The Opportunity
Prediction markets let you trade on the outcome of real-world events like elections, economic data, policy decisions, weather. Prices reflect the crowd's probability estimate: a contract trading at 40 cents implies the market believes there's a 40% chance of YES.
The math is simple: if you can estimate probabilities more accurately than the market, you make money in expectation. Buy YES when you think the true probability is higher than the price. Buy NO when you think it's lower. Over enough trades, better accuracy wins.
The hard part isn't the math, but the research and the judgment. Kalshi has thousands of open markets at any given time. Finding the ones where the market is wrong requires doing deep research on each question: What's the current state of the world? What are the base rates? What do experts think? What are the strongest arguments on both sides? And then you have to synthesize all of that into an accurate probability estimate that requires weighing conflicting evidence, calibrating your confidence, and resisting the pull of cognitive biases. No human can do this systematically across hundreds of markets. It's tedious, time-consuming, and the kind of work where human biases — confirmation bias, anchoring, availability bias — creep in and degrade both the research and the judgment.
This is a job ideally suited for AI.
We built a notebook that scans the highest-volume Kalshi markets, uses AI to do in-depth research and best-practice forecasting for each one, and highlights the markets where the AI's probability estimate disagrees most with the market price. The full research, including both sides of every argument, is included for every question.
We think this is useful for anyone trying to forecast underlying probabilities on prediction markets, whether you use the AI's estimates directly or just as a starting point for your own analysis. (This is less relevant for momentum traders, technical traders, or market makers as it's a fundamentals-first tool.)
A key advantage of doing this with AI is that the research is 100% transparent and totally neutral. Unlike human analysts who might omit information whether intentionally or through bias, the AI researches both sides with equal rigor. You can read every piece of research and every rationale, and decide for yourself whether you agree.
| Metric | Value |
|---|---|
| Markets scanned | ~3,500 (all open Kalshi events) |
| Markets forecasted | 100 (top events by volume, up to 2 subquestions each) |
| Research agents per question | 6 (current state, base rates, key factors, expert opinions, YES thesis, NO thesis) |
| Total research agents | 700 (100 questions x 7 stages, including initial research + 5 parallel agents + forecaster) |
| Forecasting model | Claude Opus with extended thinking |
| Total cost | ~$100 |
| Runtime | ~45 minutes |
How It Works
The system runs as a Google Colab notebook in four stages:
1. Find markets
The notebook fetches all open events from Kalshi's API (~3,500 events), ranks them by trading volume, and selects the top 100. For events with multiple subquestions (e.g., "Who will be the next Fed Chair?" has one subquestion per candidate), it picks the top 2 by volume. High-volume markets are more likely to have meaningful price signals and enough liquidity to actually trade.
2. Research each market
This is where everyrow does the heavy lifting. For each of the 100 markets, six research agents run in parallel, each performing live web searches:
- Current state: What's happening right now that's relevant to this question?

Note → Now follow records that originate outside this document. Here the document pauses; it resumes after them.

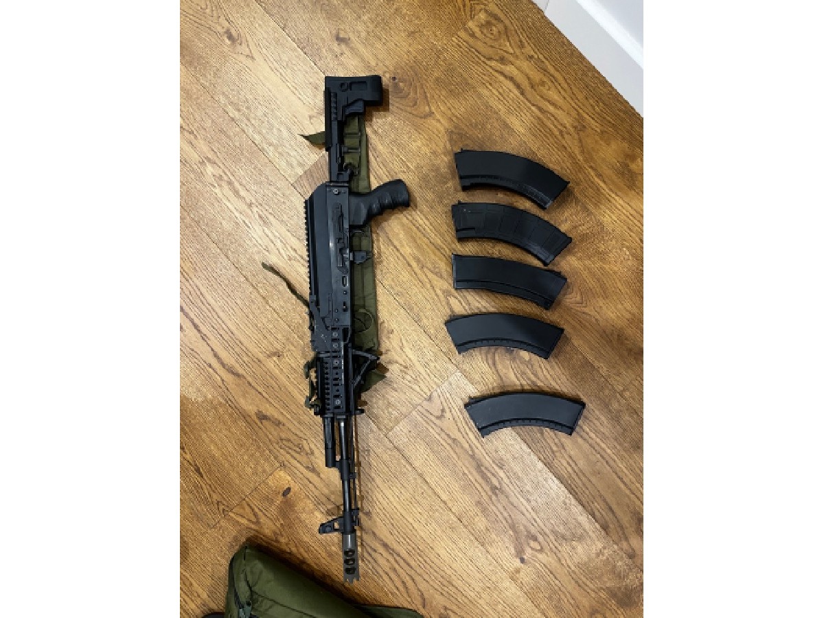 - Incluye: 5 cargadores, silenciador PBS-1, batería de 11,1 v 1350 mAh 25-50C, caja original y partes externas originales sustituidas por las anteriormente mencionadas.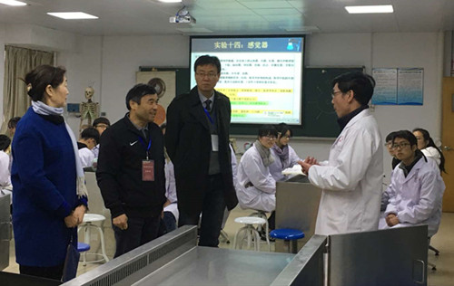 14:45,在张剑副经理陪同下,李俊伟教授走访考察了医学实验中心的医学影像PACS医学实验室、模拟手术室、急救室、OSCE考试中心、护理技能实训室、模拟重症监护病房、ECS控制室等多个实验室,观摩实验教学,并不时拍照、询问,听取介绍。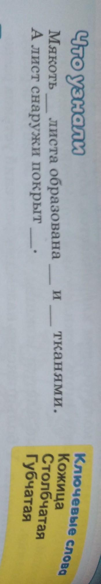 Мякоть ? листа образована покровной и проводящей тканями. А лист снаружи покрыт кожицей.

- Base rates: How often have similar events occurred historically?
- Key factors: What will most influence the outcome?
- Expert and market opinions: What do other forecasters and prediction markets think?
- YES investor thesis: The strongest case that the market is underpricing YES
- NO investor thesis: The strongest case that the market is overpricing YES
The opposing YES/NO theses are critical. They force the system to steelman both sides before making a judgment, which helps counteract the confirmation bias that plagues human forecasters. This research structure is borrowed from superforecasting literature: the Good Judgment Project found that systematically considering multiple angles produces more accurate predictions than intuitive judgment alone.
This produces ~600 parallel research agent calls. Each agent performs web searches to ground its analysis in current information rather than relying on training data.
3. Generate forecasts
Claude Opus with extended thinking receives the full research dossier and produces a probability estimate with a detailed written rationale.
Every forecast is fully transparent. It includes a multi-paragraph rationale explaining the reasoning, the key uncertainties, and what could change the probability. You can read the research and the rationale for every single position, because nothing is a black box.
4. Compare to market prices
For each market, the system compares the AI forecast to the current market price and highlights the biggest disagreements (the markets where the model thinks the crowd is most wrong.)
The Pipeline in Code
The core of the system is built on everyrow's agent_map operation, which runs an LLM agent across every row of a dataframe in parallel. Here's the research stage:
from everyrow.ops import agent_map
from pydantic import BaseModel
# Stage 1: Current state (runs first since later stages depend on it)
class CurrentStateResponse(BaseModel):
days_remaining: int
resolution_date: str
current_state: str
stage1_result = await agent_map(
"""You are a forecasting analyst researching a prediction question from Kalshi.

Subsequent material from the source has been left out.